In relation to the DNSO, Ester said that the Board would listen to all the
arguments and make up it's mind by the next day , whether it would accept
any or none of the applications or impose it's own will on the DNSO structure.
There was a brief discussion with Joe Simms on whether the bylaws would
allow this. They would.
The plea's for all point of view were heard. IMHpov, the scariest one came
from a Hollywood lawyer, with a lot of loose talk about shutting down domains.
WIPO came with a new euphemism, "taking down DN's".

Then a little bombshell: Board member Hans Kaayenbrink had not publicly
disclosed his affiliation to an organisation that had expressed unmovable
support to the BMW model.  Doubts of course, whether an impartial judgement
could still be expected. Ah, had the interim Board Members not been
handpicked for their impartiality from the positions in the DNS wars???

Then, the Board was asked if they could perhaps give the audience a little
taste of an open Board meeting, by letting each Board member speak to the
idea of allowing the Individual DN holders a place at the DNSO table.

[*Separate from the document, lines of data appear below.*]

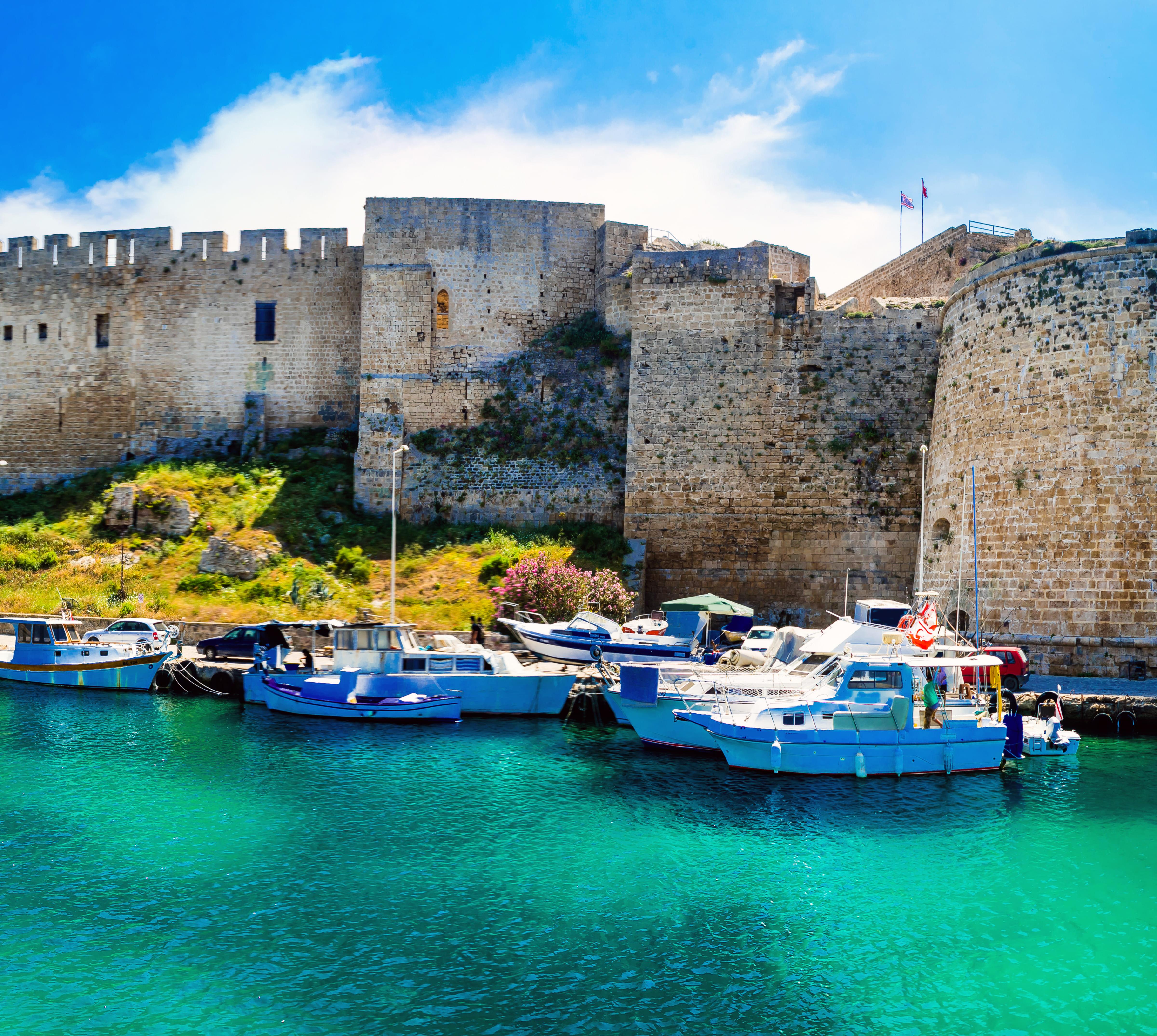 Zyperns schönste Stadt, auf Türkisch heißt sie heute Girne, liegt jenseits der schmalen Kette des Kerýneia-Gebirges. Ihr Zentrum ist das kleine, fast kreisrunde Hafenbecken aus venezianischer Zeit. Das Ufer säumen Cafés und Restaurants, dahinter erheben sich jahrhundertealte Häuser. Eine mächtige Festung nimmt eine Seite des Hafens ein. Innerhalb der Altstadt ragen ein Kirchturm und ein Minarett auf. Gleich hinter dem Ort steigt die Landschaft steil zum Gebirge an. Die alpin anmutenden Gipfel des Pendedáktilos sind ein berauschender Anblick. Die schmale Ebene entlang der Nordküste steht voller Zitronen- und Orangenbäume.
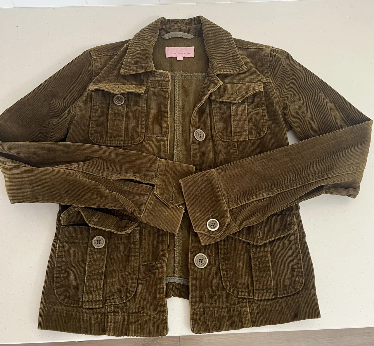 Chaqueta de pana color marrón, estilo safari, con múltiples bolsillos y botones. Ideal para un look casual y canchero.
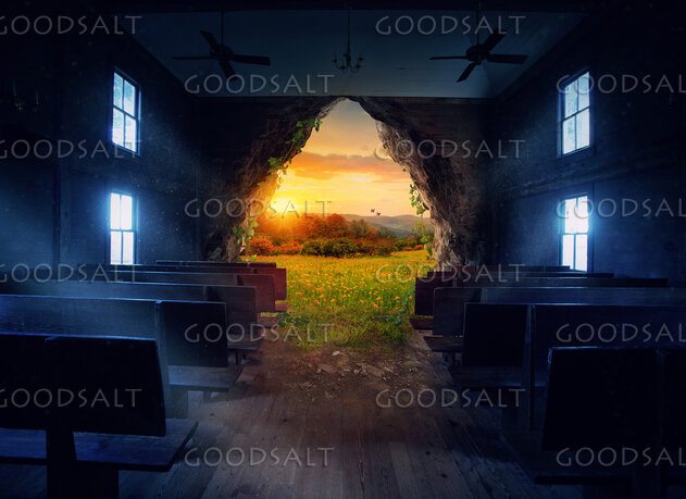 An empty church with an opening to a beautiful landscape by Kevin Carden
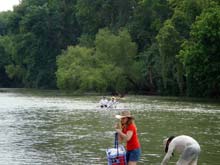 Arriving at the Smithville checkpoint. Our duct tape never worked so we paddled 25 miles with no rudder. We were able to get some tools and it took us about 30 mintues to fix it. |
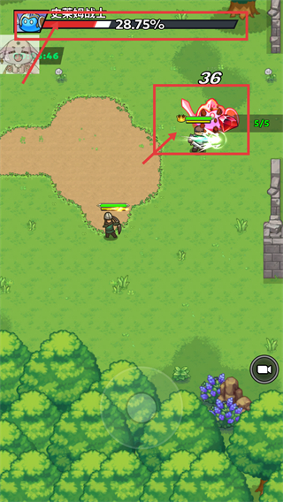 3、战斗中击败敌方单位可获得数值奖励如【36】,同时关注上方的进度条【28.75%】,推进关卡流程。

Esther, (thank you again)expressed the view that ICANN could be generous and
allow more initial constituencies than envisioned in the BMW draft, "if that
would make these people happy."  
George Conrades (having absorbed a lot of argument in the MAC) supported
this and Mr Fitzsimmons of Dun & Bradstreet was also of the view that more
constituencies up front would do more good than harm.
Mike Roberts and Greg Crew fudged nicely and didn't really say anything that
could commit them either way.
Hans Kraayenbrink said nothing.
When I stood up and asked him, he said that he did not favour open board
meetings and that he preferred his deliberations to remain in private.
Ouch! 
Where were you, Dan Steinberg? (ill, please get better soon) Where were the
grey ribbons?
All this, of course was broadcast on the Net.

Well, there was a lot more off-line (apparently Dennis Jennings was
physically attacked by angry Europeans, for bringing Hans' compromised
position to the attention of the meeting), but I rest it here.

Today we may hear whether ICANN decides to make us citizens or subjects.